:: Records shown ::

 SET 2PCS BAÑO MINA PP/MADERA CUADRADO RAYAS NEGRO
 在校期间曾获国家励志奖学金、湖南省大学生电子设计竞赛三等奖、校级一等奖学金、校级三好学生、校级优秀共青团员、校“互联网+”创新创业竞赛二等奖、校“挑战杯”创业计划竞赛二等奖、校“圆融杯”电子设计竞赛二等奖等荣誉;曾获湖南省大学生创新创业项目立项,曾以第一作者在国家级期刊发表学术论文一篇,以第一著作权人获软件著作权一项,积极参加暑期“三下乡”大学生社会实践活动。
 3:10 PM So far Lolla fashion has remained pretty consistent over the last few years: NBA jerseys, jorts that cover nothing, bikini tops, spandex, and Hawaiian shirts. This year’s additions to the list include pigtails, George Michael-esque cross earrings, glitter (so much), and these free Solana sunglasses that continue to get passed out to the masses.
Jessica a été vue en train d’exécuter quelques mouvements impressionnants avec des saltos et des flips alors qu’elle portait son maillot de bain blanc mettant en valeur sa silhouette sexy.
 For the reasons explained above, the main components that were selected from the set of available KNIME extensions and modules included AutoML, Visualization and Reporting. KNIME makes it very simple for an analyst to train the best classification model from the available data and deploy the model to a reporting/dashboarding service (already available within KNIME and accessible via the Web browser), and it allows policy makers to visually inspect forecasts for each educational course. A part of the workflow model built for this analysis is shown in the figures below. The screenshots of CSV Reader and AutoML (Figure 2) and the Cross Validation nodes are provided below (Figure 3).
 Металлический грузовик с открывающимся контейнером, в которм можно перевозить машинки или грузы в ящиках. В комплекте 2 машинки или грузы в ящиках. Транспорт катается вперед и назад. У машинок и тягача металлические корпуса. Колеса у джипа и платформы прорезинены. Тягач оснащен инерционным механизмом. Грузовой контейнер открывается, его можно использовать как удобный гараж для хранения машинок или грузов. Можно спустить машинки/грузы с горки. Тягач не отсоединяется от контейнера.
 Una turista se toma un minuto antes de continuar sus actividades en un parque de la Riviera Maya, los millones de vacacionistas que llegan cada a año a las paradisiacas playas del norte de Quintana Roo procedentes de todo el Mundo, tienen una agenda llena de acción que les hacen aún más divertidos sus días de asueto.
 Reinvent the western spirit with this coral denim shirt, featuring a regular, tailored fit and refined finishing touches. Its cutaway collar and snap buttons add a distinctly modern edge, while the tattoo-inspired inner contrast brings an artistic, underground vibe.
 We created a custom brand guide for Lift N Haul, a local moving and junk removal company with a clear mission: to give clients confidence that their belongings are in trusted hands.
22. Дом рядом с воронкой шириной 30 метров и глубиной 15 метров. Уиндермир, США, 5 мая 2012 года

:::

• [Work to be completed]:
The lines from the one holding "We created a" through the end of the listing above are to be written out exactly, both ends included, and no others.

• [Result below]:
 We created a custom brand guide for Lift N Haul, a local moving and junk removal company with a clear mission: to give clients confidence that their belongings are in trusted hands.
22. Дом рядом с воронкой шириной 30 метров и глубиной 15 метров. Уиндермир, США, 5 мая 2012 года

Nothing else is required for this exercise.